_Exercise objective_.
Set down, word for word, only the lines from the start of the records through the line bearing "2차원 배열은 기본적으로"; include no pictures.

═══ Data records

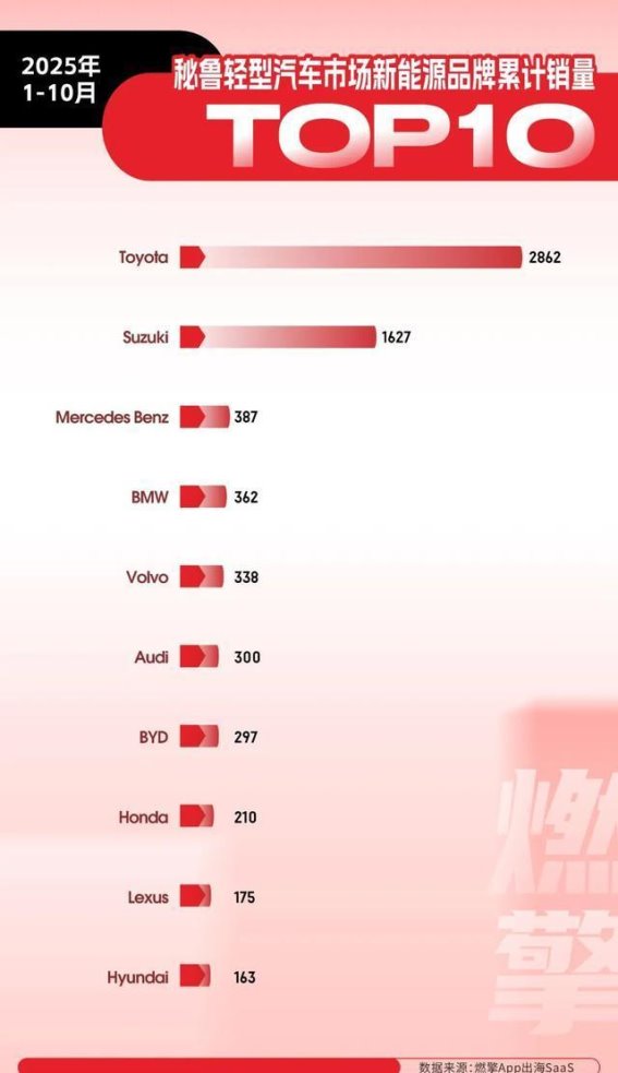 在中国品牌方面,比亚迪无疑是一个亮点。尽管比亚迪的297辆销量相较于丰田和铃木的成绩相差甚远,但它依然是唯一进入秘鲁市场前十的中国新能源品牌。比亚迪的成功标志着中国品牌在秘鲁新能源市场的崭露头角。比亚迪的主力车型是纯电动汽车,而秘鲁市场目前更倾向于选择混动汽车,且充电设施的匮乏使得纯电动车型面临较大挑战。比亚迪及其他中国品牌要想在秘鲁市场获得更好的表现,必须根据当地市场的需求和发展趋势进行产品调整,尤其是要加强混动技术的布局。
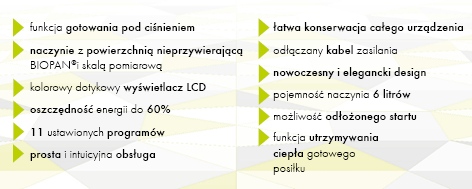 zachowuje ważne substancje i witaminy w pożywieniu. Nadaje się do różnych rodzajów diet, dzięki możliwości gotowania na parze i bez tłuszczu.
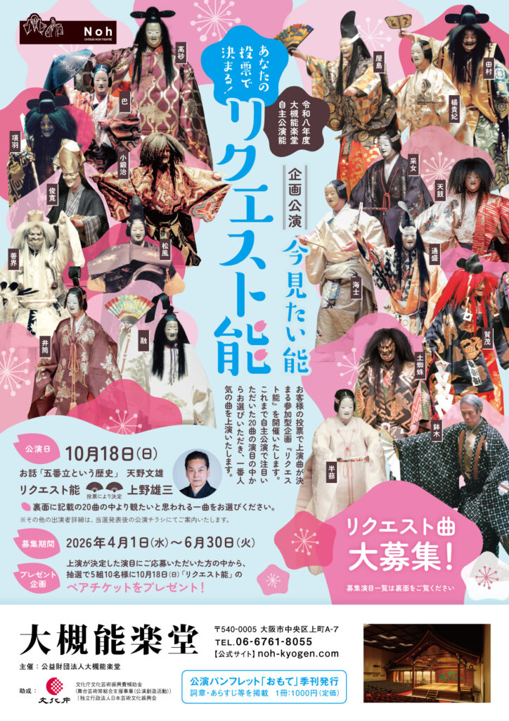 最も応募数の多かった演目を、2026年10月18日(日)「今見たい能 リクエスト能」にて上演いたします。
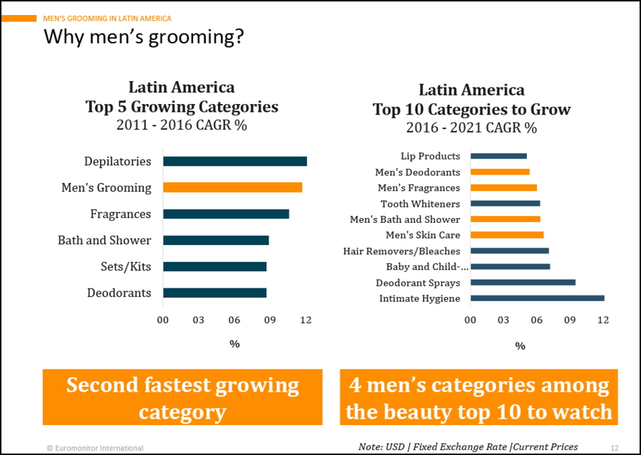 “Men’s grooming vem apresentando um crescimento sustentável na América Latina, sendo a segunda categoria que mais cresceu entre 2011 e 2016. A estratégia de ter uma seção masculina nas lojas vem obtendo sucesso uma vez que oferece aos homens um lugar onde possuem acesso a produtos que atendam todas suas necessidades. Anteriormente, eles precisavam buscar nas prateleiras produtos específicos em meio a outros voltados às mulheres,” comenta Elton Morimitsu, analista sênior da Euromonitor.
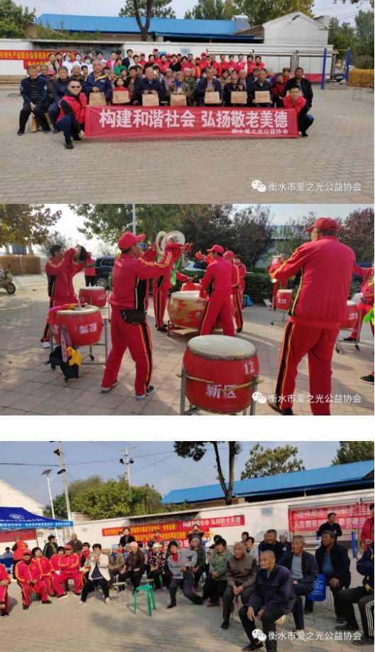 上午9点在王进伯村文化休闲广场上,衡水市爱之光公益协会锣鼓队,模特队,舞蹈队,理发队的志愿者都早早聚集在广场上,准备为老人们表演精彩的文艺节目。
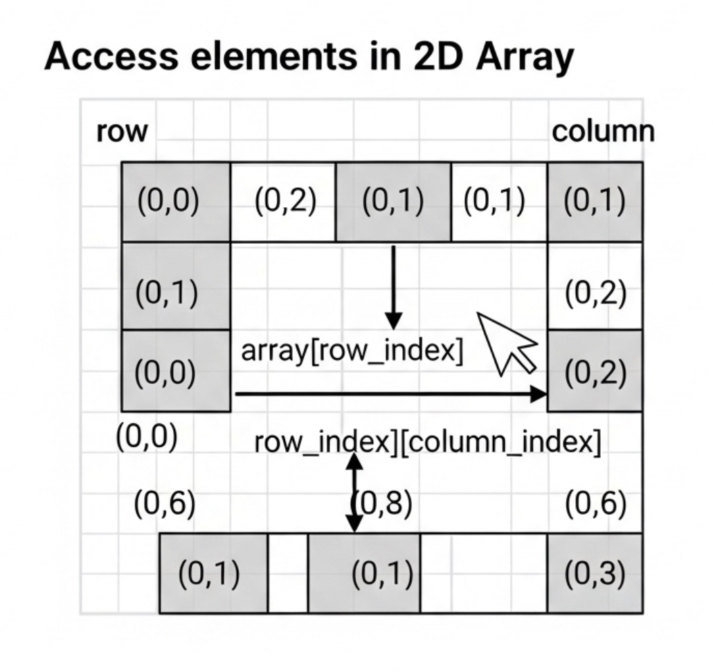 2차원 배열은 기본적으로 바깥쪽 배열의 인덱스와 안쪽 배열의 인덱스/키를 조합하여 데이터에 접근합니다.
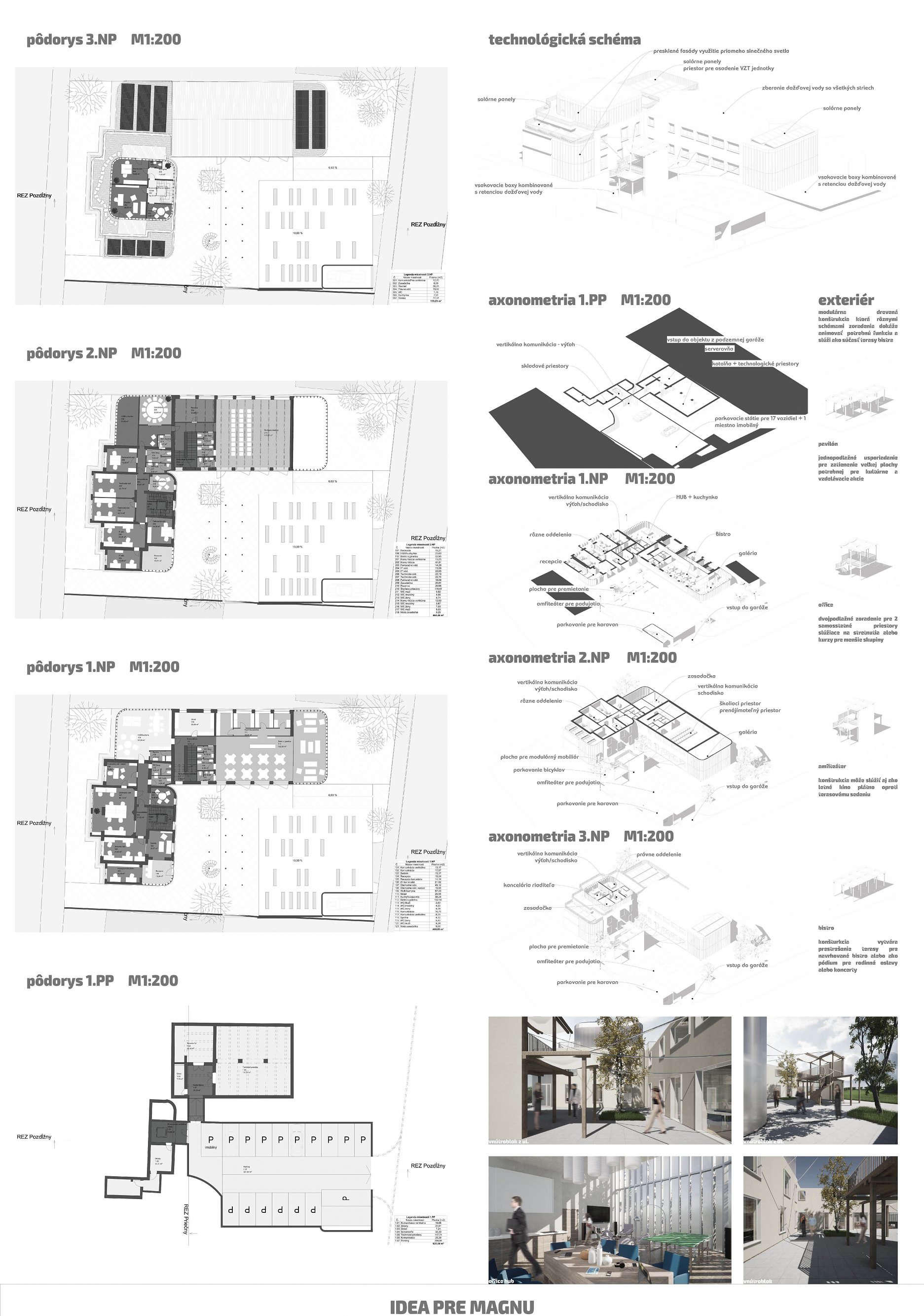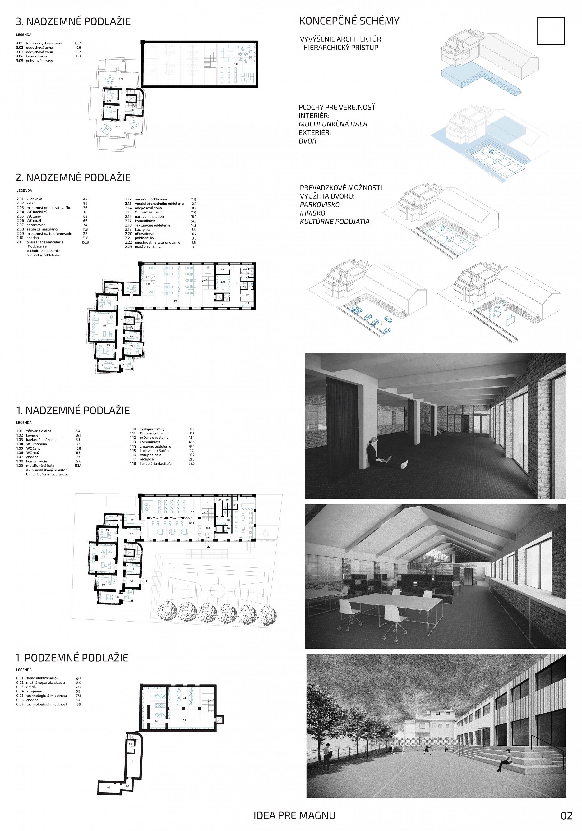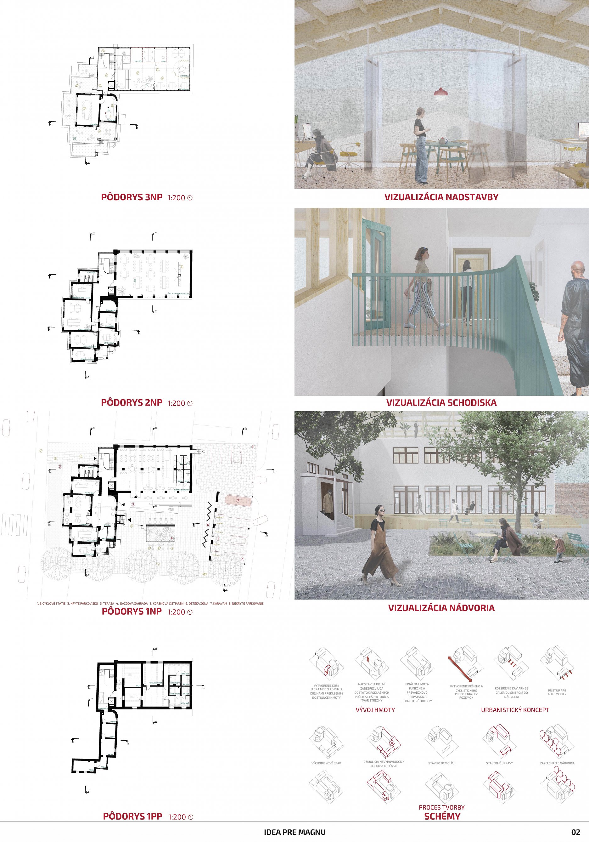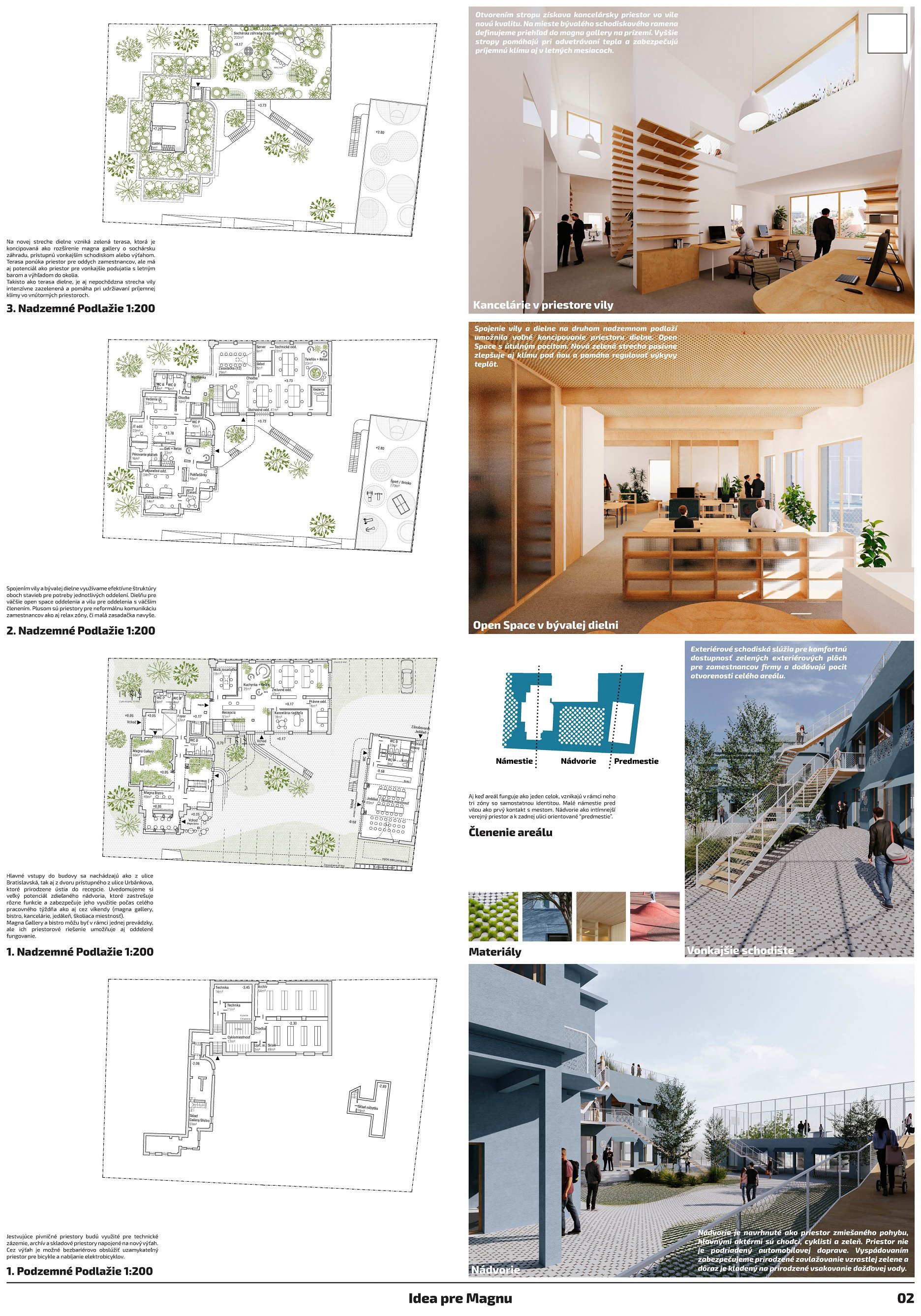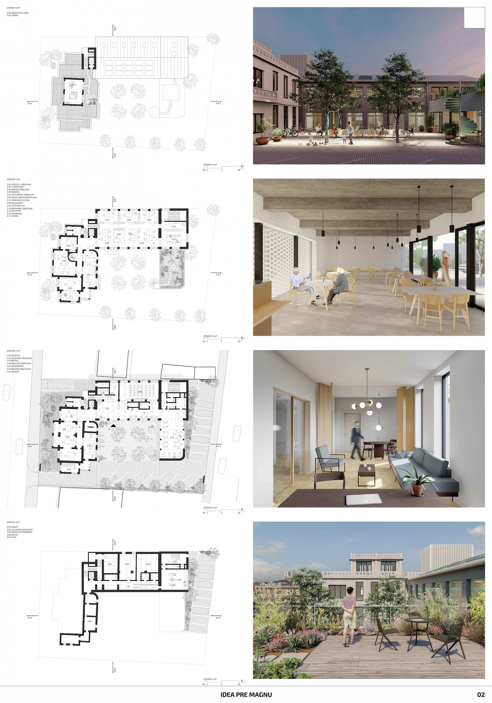 Porota v návrhu ocenila minimalizovanie búracích prác, a tým aj celkového ekologického dopadu výstavby, kedy autor počíta s usporiadaním celej dispozície do existujúcich objektov. Návrhu však chýba zaujímavý detail a prehĺbenie nastaveného konceptu. Tehlová fasády nie je pôvodná a vytvára zbytočne historizujúci dojem.

══════

_Exercise answer_.
 在中国品牌方面,比亚迪无疑是一个亮点。尽管比亚迪的297辆销量相较于丰田和铃木的成绩相差甚远,但它依然是唯一进入秘鲁市场前十的中国新能源品牌。比亚迪的成功标志着中国品牌在秘鲁新能源市场的崭露头角。比亚迪的主力车型是纯电动汽车,而秘鲁市场目前更倾向于选择混动汽车,且充电设施的匮乏使得纯电动车型面临较大挑战。比亚迪及其他中国品牌要想在秘鲁市场获得更好的表现,必须根据当地市场的需求和发展趋势进行产品调整,尤其是要加强混动技术的布局。
 zachowuje ważne substancje i witaminy w pożywieniu. Nadaje się do różnych rodzajów diet, dzięki możliwości gotowania na parze i bez tłuszczu.
 最も応募数の多かった演目を、2026年10月18日(日)「今見たい能 リクエスト能」にて上演いたします。
 “Men’s grooming vem apresentando um crescimento sustentável na América Latina, sendo a segunda categoria que mais cresceu entre 2011 e 2016. A estratégia de ter uma seção masculina nas lojas vem obtendo sucesso uma vez que oferece aos homens um lugar onde possuem acesso a produtos que atendam todas suas necessidades. Anteriormente, eles precisavam buscar nas prateleiras produtos específicos em meio a outros voltados às mulheres,” comenta Elton Morimitsu, analista sênior da Euromonitor.
 上午9点在王进伯村文化休闲广场上,衡水市爱之光公益协会锣鼓队,模特队,舞蹈队,理发队的志愿者都早早聚集在广场上,准备为老人们表演精彩的文艺节目。
 2차원 배열은 기본적으로 바깥쪽 배열의 인덱스와 안쪽 배열의 인덱스/키를 조합하여 데이터에 접근합니다.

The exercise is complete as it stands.